When screen-scraping some website, I extract data from <script>
tags.
The data I get is not in standard JSON
format. I cannot use json.loads()
.
屏幕抓取一些网站时,我从
# from
js_obj = '{x:1, y:2, z:3}'
# to
py_obj = {'x':1, 'y':2, 'z':3}
Currently, I use regex
to transform the raw data to JSON
format.
But I feel pretty bad when I encounter complicated data structure.
目前,我使用正则表达式将原始数据转换为JSON格式。但是当我遇到复杂的数据结构时,我感觉非常糟糕。
Do you have some better solutions?
你有更好的解决方案吗?
3 个解决方案
#1
19
demjson.decode()
import demjson
# from
js_obj = '{x:1, y:2, z:3}'
# to
py_obj = demjson.decode(js_obj)
jsonnet.evaluate_snippet()
import json, _jsonnet
# from
js_obj = '{x:1, y:2, z:3}'
# to
py_obj = json.loads(_jsonnet.evaluate_snippet('snippet', js_obj))
ast.literal_eval()
import ast
# from
js_obj = "{'x':1, 'y':2, 'z':3}"
# to
py_obj = ast.literal_eval(js_obj)
#2
1
This will likely not work everywhere, but as a start, here's a simple regex that should convert the keys into quoted strings so you can pass into json.loads. Or is this what you're already doing?
这可能无处不在,但作为一个开始,这是一个简单的正则表达式,应该将键转换为带引号的字符串,以便您可以传递到json.loads。或者你正在做什么?
In[70] : quote_keys_regex = r'([\{\s,])(\w+)(:)'
In[71] : re.sub(quote_keys_regex, r'\1"\2"\3', js_obj)
Out[71]: '{"x":1, "y":2, "z":3}'
In[72] : js_obj_2 = '{x:1, y:2, z:{k:3,j:2}}'
Int[73]: re.sub(quote_keys_regex, r'\1"\2"\3', js_obj_2)
Out[73]: '{"x":1, "y":2, "z":{"k":3,"j":2}}'
#3
-4
Simply:
只是:
import json
py_obj = json.loads(js_obj_stringified)
Above is the Python portion of the code. In javascript portion of the code:
上面是代码的Python部分。在代码的javascript部分:
js_obj_stringified = JSON.stringify(data);
JSON.stringify turns a Javascript object into JSON text and stores that JSON text in a string. It is a safe way to pass (via POST/GET) a javascript object to python to process.
JSON.stringify将Javascript对象转换为JSON文本,并将该JSON文本存储在字符串中。这是一种安全的方式来传递(通过POST / GET)一个javascript对象到python进行处理。
#1
19
demjson.decode()
import demjson
# from
js_obj = '{x:1, y:2, z:3}'
# to
py_obj = demjson.decode(js_obj)
jsonnet.evaluate_snippet()
import json, _jsonnet
# from
js_obj = '{x:1, y:2, z:3}'
# to
py_obj = json.loads(_jsonnet.evaluate_snippet('snippet', js_obj))
ast.literal_eval()
import ast
# from
js_obj = "{'x':1, 'y':2, 'z':3}"
# to
py_obj = ast.literal_eval(js_obj)
#2
1
This will likely not work everywhere, but as a start, here's a simple regex that should convert the keys into quoted strings so you can pass into json.loads.
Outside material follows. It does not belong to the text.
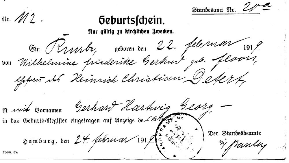 Geburt: 22. Februar 1919 52 32 — Hamburg, Hamburg, Hamburg, DEUTSCHLAND Tod: 12. Januar 1997 — Hamburg, Hamburg, Hamburg, DEUTSCHLAND |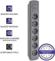 Najdite prostor za vse svoje naprave s to sivo razdelilno letvijo, ki ponuja šest vtičnic in dolžino kabla 1,8 metra. Primerna je za uporabo v gospodinjstvih in pisarnah, kjer potrebujete učinkovito organizacijo kablov.

Or is this what you're already doing?
这可能无处不在,但作为一个开始,这是一个简单的正则表达式,应该将键转换为带引号的字符串,以便您可以传递到json.loads。或者你正在做什么?
In[70] : quote_keys_regex = r'([\{\s,])(\w+)(:)'
In[71] : re.sub(quote_keys_regex, r'\1"\2"\3', js_obj)
Out[71]: '{"x":1, "y":2, "z":3}'
In[72] : js_obj_2 = '{x:1, y:2, z:{k:3,j:2}}'
Int[73]: re.sub(quote_keys_regex, r'\1"\2"\3', js_obj_2)
Out[73]: '{"x":1, "y":2, "z":{"k":3,"j":2}}'
#3
-4
Simply:
只是:
import json
py_obj = json.loads(js_obj_stringified)
Above is the Python portion of the code. In javascript portion of the code:
上面是代码的Python部分。在代码的javascript部分:
js_obj_stringified = JSON.stringify(data);
JSON.stringify turns a Javascript object into JSON text and stores that JSON text in a string. It is a safe way to pass (via POST/GET) a javascript object to python to process.
JSON.stringify将Javascript对象转换为JSON文本,并将该JSON文本存储在字符串中。这是一种安全的方式来传递(通过POST / GET)一个javascript对象到python进行处理。